_Collected data_.
+ + + +
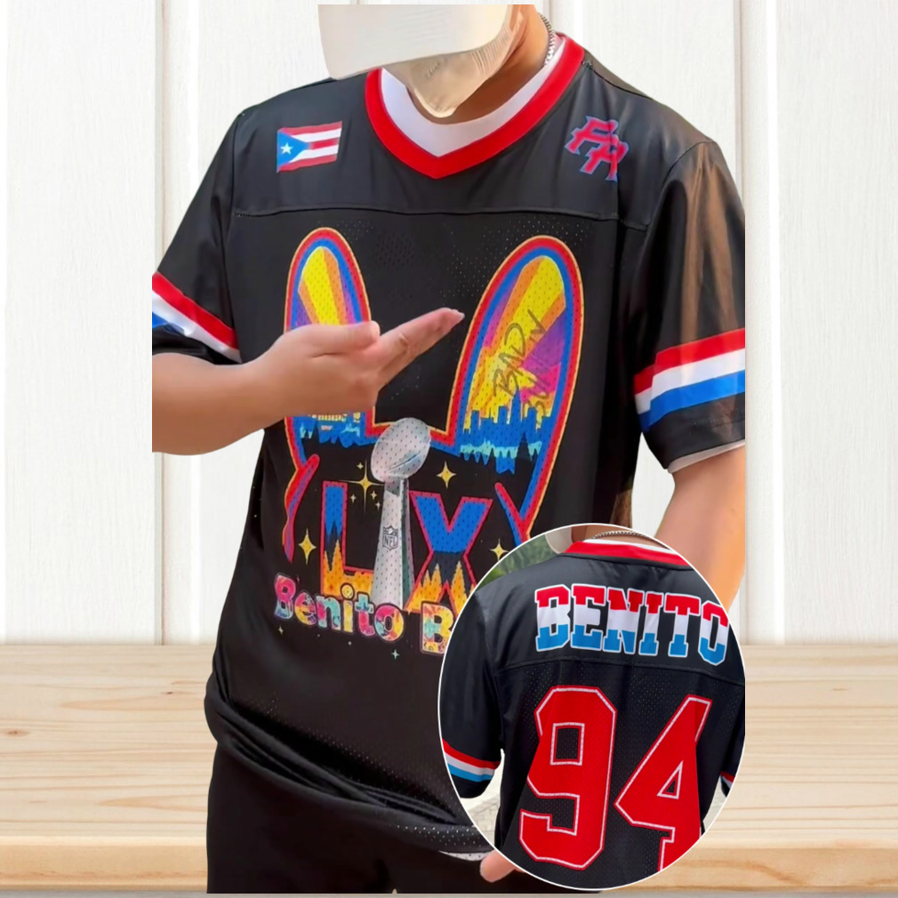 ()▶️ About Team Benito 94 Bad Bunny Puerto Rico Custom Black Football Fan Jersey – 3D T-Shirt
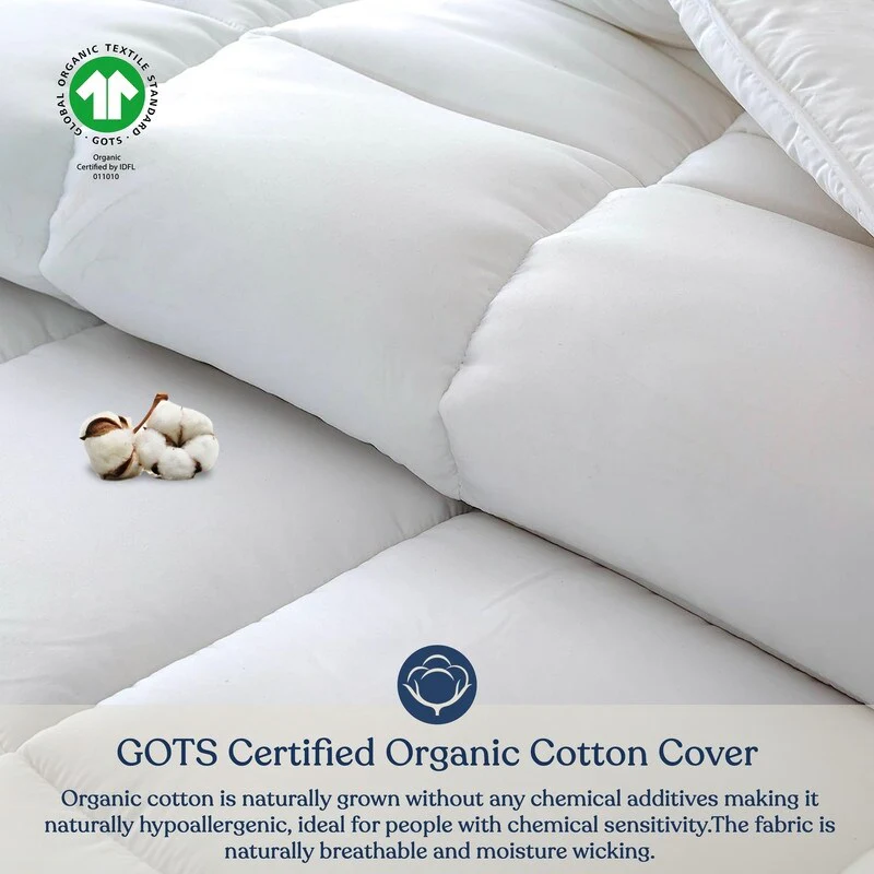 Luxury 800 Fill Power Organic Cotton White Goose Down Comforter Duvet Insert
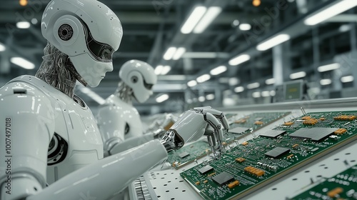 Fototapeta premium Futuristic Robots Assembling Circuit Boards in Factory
+ + + +
_Exercise aim_.
Only text belongs in the copy: repeat each line of the data exactly and leave out the pictures.

_Task answer_.
 ()▶️ About Team Benito 94 Bad Bunny Puerto Rico Custom Black Football Fan Jersey – 3D T-Shirt
 Luxury 800 Fill Power Organic Cotton White Goose Down Comforter Duvet Insert
 Fototapeta premium Futuristic Robots Assembling Circuit Boards in Factory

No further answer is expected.